-- Opening Marker --

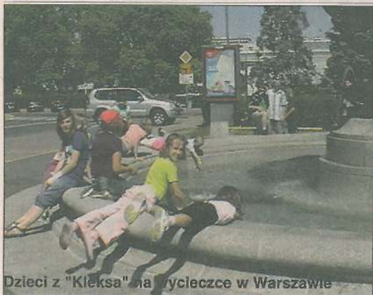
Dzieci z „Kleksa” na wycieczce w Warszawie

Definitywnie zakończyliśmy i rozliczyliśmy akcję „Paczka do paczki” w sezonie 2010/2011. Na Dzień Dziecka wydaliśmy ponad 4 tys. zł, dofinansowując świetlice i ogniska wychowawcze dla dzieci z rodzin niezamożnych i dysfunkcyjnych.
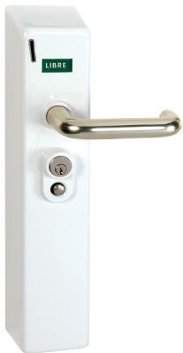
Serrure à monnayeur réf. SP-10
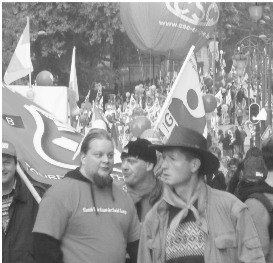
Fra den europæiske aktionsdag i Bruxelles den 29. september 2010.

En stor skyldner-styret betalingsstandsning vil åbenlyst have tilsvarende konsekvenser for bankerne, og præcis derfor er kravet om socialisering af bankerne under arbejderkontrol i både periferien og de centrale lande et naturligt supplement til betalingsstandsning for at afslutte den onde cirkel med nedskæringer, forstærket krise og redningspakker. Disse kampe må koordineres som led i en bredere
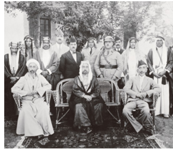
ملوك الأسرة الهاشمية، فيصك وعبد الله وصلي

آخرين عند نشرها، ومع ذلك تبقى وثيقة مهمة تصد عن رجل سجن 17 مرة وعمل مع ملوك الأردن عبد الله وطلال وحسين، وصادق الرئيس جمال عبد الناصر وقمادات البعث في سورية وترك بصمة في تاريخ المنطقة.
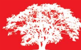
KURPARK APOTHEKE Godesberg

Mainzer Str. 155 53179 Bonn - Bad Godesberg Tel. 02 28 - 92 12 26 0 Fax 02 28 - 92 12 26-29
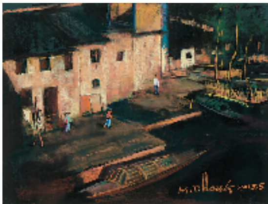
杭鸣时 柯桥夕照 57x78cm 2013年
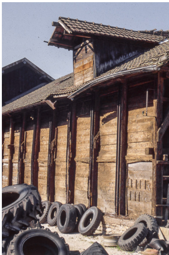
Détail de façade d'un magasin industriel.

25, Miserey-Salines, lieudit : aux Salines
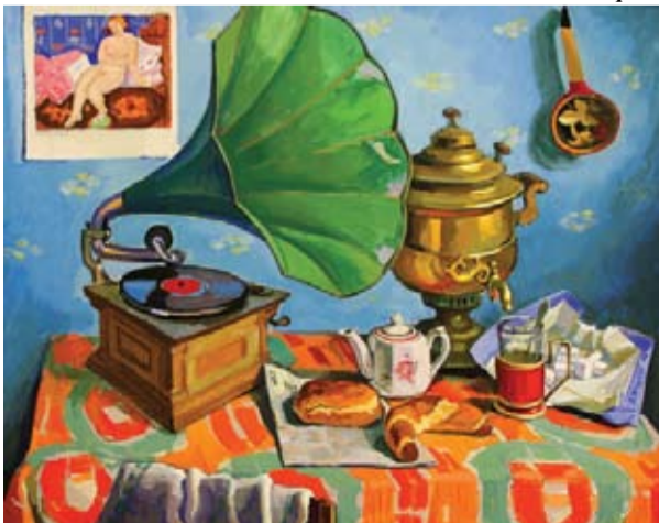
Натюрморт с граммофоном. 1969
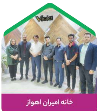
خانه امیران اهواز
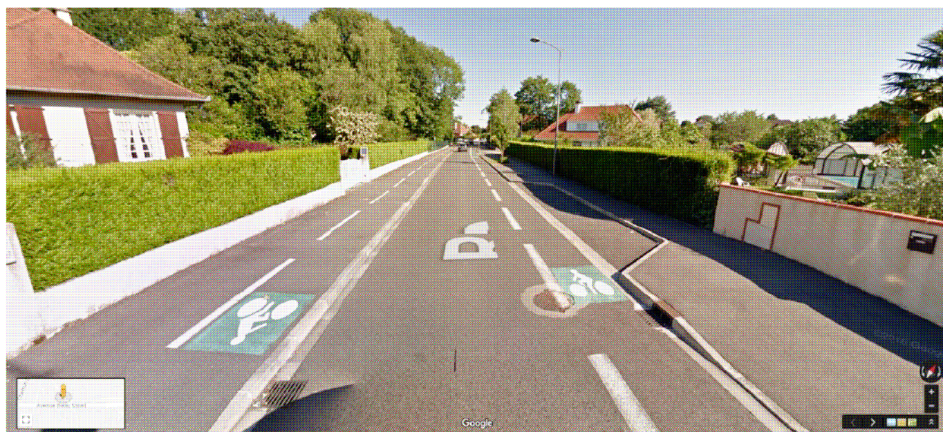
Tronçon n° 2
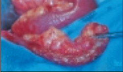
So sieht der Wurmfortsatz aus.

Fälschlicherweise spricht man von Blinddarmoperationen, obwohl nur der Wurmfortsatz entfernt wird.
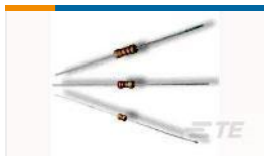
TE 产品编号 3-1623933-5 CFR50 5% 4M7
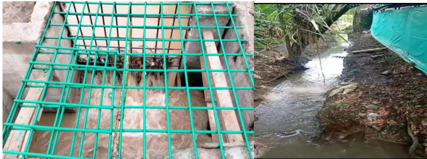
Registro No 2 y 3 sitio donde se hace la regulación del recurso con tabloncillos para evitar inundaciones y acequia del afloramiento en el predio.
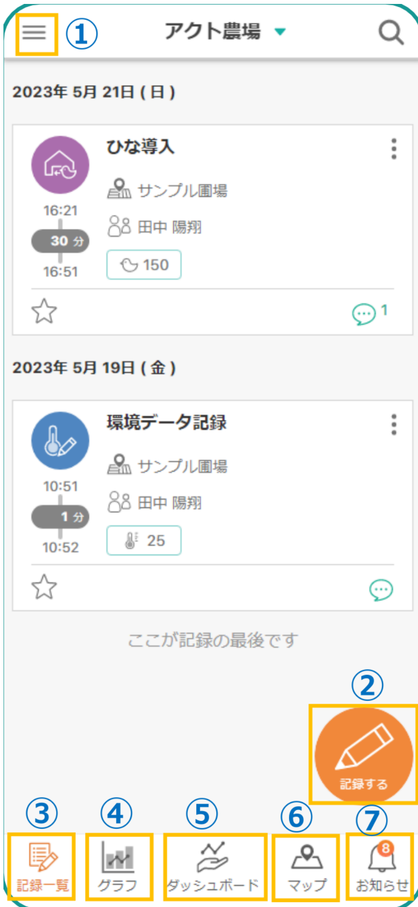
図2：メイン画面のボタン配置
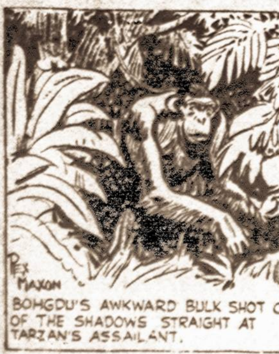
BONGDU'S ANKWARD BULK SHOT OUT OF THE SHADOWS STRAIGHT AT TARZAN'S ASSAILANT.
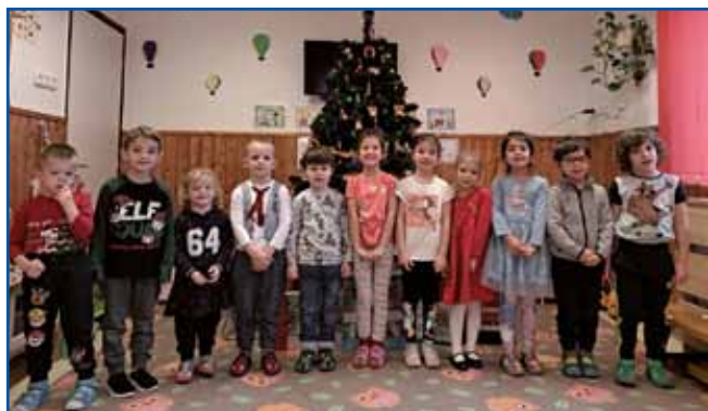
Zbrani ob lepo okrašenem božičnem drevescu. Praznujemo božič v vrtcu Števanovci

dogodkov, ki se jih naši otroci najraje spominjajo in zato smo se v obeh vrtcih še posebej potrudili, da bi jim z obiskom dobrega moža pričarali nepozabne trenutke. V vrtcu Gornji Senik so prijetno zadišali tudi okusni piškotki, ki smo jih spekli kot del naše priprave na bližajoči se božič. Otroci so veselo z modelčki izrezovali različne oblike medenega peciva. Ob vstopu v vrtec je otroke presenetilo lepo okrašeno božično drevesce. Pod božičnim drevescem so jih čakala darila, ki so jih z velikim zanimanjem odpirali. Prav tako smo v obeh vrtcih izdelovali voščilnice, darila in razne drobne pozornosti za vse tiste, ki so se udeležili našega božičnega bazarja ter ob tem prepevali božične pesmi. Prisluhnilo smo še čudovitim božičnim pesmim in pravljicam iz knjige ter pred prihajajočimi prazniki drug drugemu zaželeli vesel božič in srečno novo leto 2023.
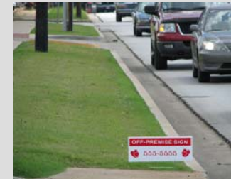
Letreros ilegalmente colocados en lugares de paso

-- Closing Marker --

▸ Your assignment
Within the records above, count the lines that contain "Wurmfortsatz" and give only that number.

▸ Exercise output
2